Ari menilai bahwa seorang guru perlu tekun melakukan observasi pada muridnya. Kegiatan pengamatan tersebut membantu Ari memahami hobi dan kepribadian siswa-siswinya.

 

2 dari 4 halaman

2. Setiap Guru Harus Berempati dan Siap Menjadi Pendengar Bagi Siswa-Siswinya

Sementara itu, Yustina Anastasia, seorang guru Bahasa Indonesia kelas 9 juga memiliki metode unik dan efektif dalam mengajar. Di samping mengajar Bahasa Indonesia, ia juga menjadi pelatih PASKIBRA untuk siswa-siswinya.

Yustina melatih murid-muridnya dengan tegas dan penuh wibawa. Sama halnya saat mengajar di kelas. Tentu tujuannya bukan untuk menakuti siswa-siswi, namun mendidik mereka untuk memiliki respect dan fokus pada materi yang disampaikan.

“Ya kalo di luar pelajaran, ada murid curhat, main, ketawa-ketawa ya, nggak papa,” kata guru yang hobi membaca dan menulis.

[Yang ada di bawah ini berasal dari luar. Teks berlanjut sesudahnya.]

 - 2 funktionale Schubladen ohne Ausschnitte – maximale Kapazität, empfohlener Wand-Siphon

Menurut salah seorang muridnya, ia sangat senang saat Yustina mengajaknya bergabung di PASKIBRA dan OSIS. Semula, sang murid dikenal sebagai sosok yang penakut dan kurang mengenali potensi dirinya.

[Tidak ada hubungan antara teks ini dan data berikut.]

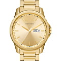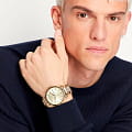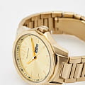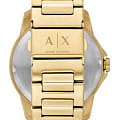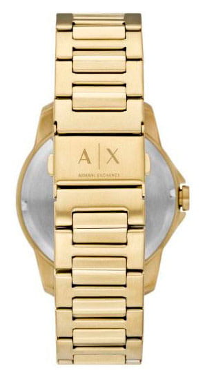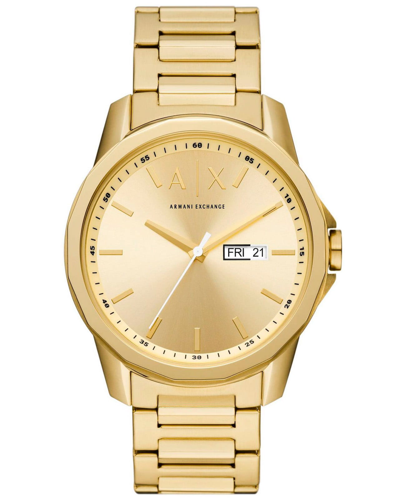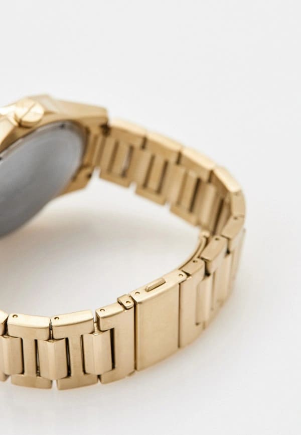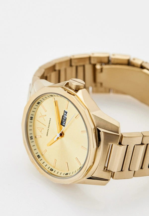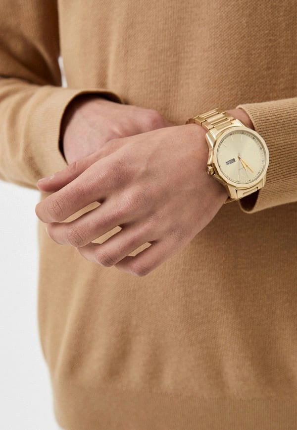 Мужские наручные часы с минеральным стекломМинеральное стеклоМинеральное стекло представляет собой искусственно выращенный минерал кварца. Такое стекло отличается особой устойчивостью к повреждениям и царапинам. Уступает по некоторым качествам сапфировому стеклу. Armani Exchange Banks AX1734, кварцевый механизм с высокой точностью. Класс водозащиты: 50 метров, позволит защитить корпус от случайных брызг или капель дождя. Корпус и браслет часов изготовлены из стали с IP-покрытиемIP-покрытиеМетод ионного напыления. Демонстрирует повышенную устойчивость к истиранию, окислению и химическим веществам. Под воздействием высокого давления и температуры около 1500°C молекулы металла надёжно соединяются с частицами корпуса часов. цвета желтое золото. Окошко даты в положении 3 часа. Заводная головка с защитой. Браслет с раскладной застёжкойРаскладная застёжкаТакой тип застёжки используется только на браслетах из металла. Она никогда не раскрывается полностью, происходит разделение на 2 и более частей. Раскладывающая застёжка снизит вероятность потери часов к минимуму..

“Waktu itu aku nggak daftar OSIS sebetulnya, tapi diajakin gabung. Aku belajar mimpin, belajar berani, jadi orang yang percaya diri,” kata salah seorang siswinya yang sangat menyukai pelajaran Bahasa Indonesia.

Di samping sukses mencetak murid yang percaya diri, Yustina juga memiliki empati yang tinggi, hapal setiap nama siswanya, dan terbuka dengan ilmu psikologi.

 

3 dari 4 halaman

Selanjutnya

Bagi Yustina, tak hanya guru Bimbingan Konseling yang perlu memiliki kompetensi psikologi atau kemampuan mendengarkan yang baik, namun setiap guru perlu belajar untuk berempati dan mendengarkan cerita dari siswa-siswinya. Yustina mengajak para guru untuk tidak menjudge siswa terburu-buru sebelum mendengarkan cerita lengkap mereka.

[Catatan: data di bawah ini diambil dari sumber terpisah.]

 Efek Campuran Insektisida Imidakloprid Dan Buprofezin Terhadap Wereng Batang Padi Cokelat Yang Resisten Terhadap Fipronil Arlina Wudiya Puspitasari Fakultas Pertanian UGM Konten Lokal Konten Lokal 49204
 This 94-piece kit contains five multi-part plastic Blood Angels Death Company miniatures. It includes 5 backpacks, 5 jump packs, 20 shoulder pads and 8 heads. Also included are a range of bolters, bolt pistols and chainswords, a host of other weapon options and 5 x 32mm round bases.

“Anak-anak di sekolah  saya diminta nulis hal yang dirasakan di buku refleksi. Mereka bisa curhat di sana. Pas baca ada siswa yang butuh didengar, saya panggil, ajak ngobrol. Saya belajar dengerin mereka,” ungkapnya.

Di kelas, guru yang berjiwa sosial ini juga membedah materi pelajaran dengan rinci. Saat muridnya bertanya tentang suatu materi kepadanya, ia tak langsung menjawab. Biasanya ia meminta pendapat muridnya terlebih dahulu, lalu mengajaknya berdiskusi. Ia ingin peserta didiknya memiliki inisiatif dan berani berpikir kritis.

Yustina juga tak segan belajar dan berdiskusi dengan alumninya yang merupakan lulusan dari fakultas psikologi.

“Buat saya, guru harus menginspirasi, punya passion, berekspresi dengan kreatif tapi tetap ikut norma-norma yang berlaku di Indonesia,” kata Yustina mengutarakan harapannya di hari guru, 25 November 2019.

Kemampuan komunikasi interpersonal Yustina yang baik membuat salah satu siswinya mengapresiasinya dengan memberikan Yustina puisi dan karikatur yang mendorong Yustina lebih bersemangat menjalani profesinya.

“Saya enggak lihat hadiah dari mahal atau enggaknya, tapi saya senang karena murid saya ini begitu mengenal saya. Bahasa cinta saya itu pemberian. Hadiah unik dari murid saya bikin saya semangat mengajar,” ungkapnya terharu.

 

4 dari 4 halaman

3. Guru Sebaiknya Pandai Menyesuaikan Diri dan Mengenali Bakat dari Peserta Didiknya

Sementara itu, Untung Subroto Dharmawan, seorang dosen psikologi di sebuah universitas swasta juga memiliki cara seru dalam mengajar. Saat dosen ekspresif ini mengajar mahasiswa, ia piawai dalam memadu-padankan busananya, sehingga ia tetap tampil rapi, sopan namun kekinian.

Ia dijuluki sebagai dosen gaul yang mudah beradaptasi. Para peserta didiknya menganggapnya sebagai seorang teman, bukan dosen yang ditakuti. Salah satu kelas yang diampunya ialah psikologi komunikasi.

Ketika mahasiswanya selesai mempresentasikan suatu materi, hal unik yang dilakukannya ialah memberikan feed back personal, sehingga mahasiswa memahami kelebihan dan kekurangannya. Untung juga piawai dalam menemukan bakat dari seorang mahasiswi yang kurang percaya diri.

“Saya suka kirim mahasiswa ikut lomba, karena saya tau dia sebenarnya punya potensi bagus di sana,” tutupnya. Sebagai pengajar, Untung berusaha memberikan kesempatan kepada peserta didiknya untuk berkembang.

 

Setiap guru tentu bebas berekspresi, berinovasi dalam mengajar dan menggunakan metode tertentu. Namun hal lain yang tak dapat dilupakan oleh seorang guru dalam membimbing siswa-siswinya menjadi lebih maju ialah tidak boleh berhenti untuk tekun belajar, mengajar dengan kreatif, tanpa melupakan norma-norma yang berlaku di Indonesia.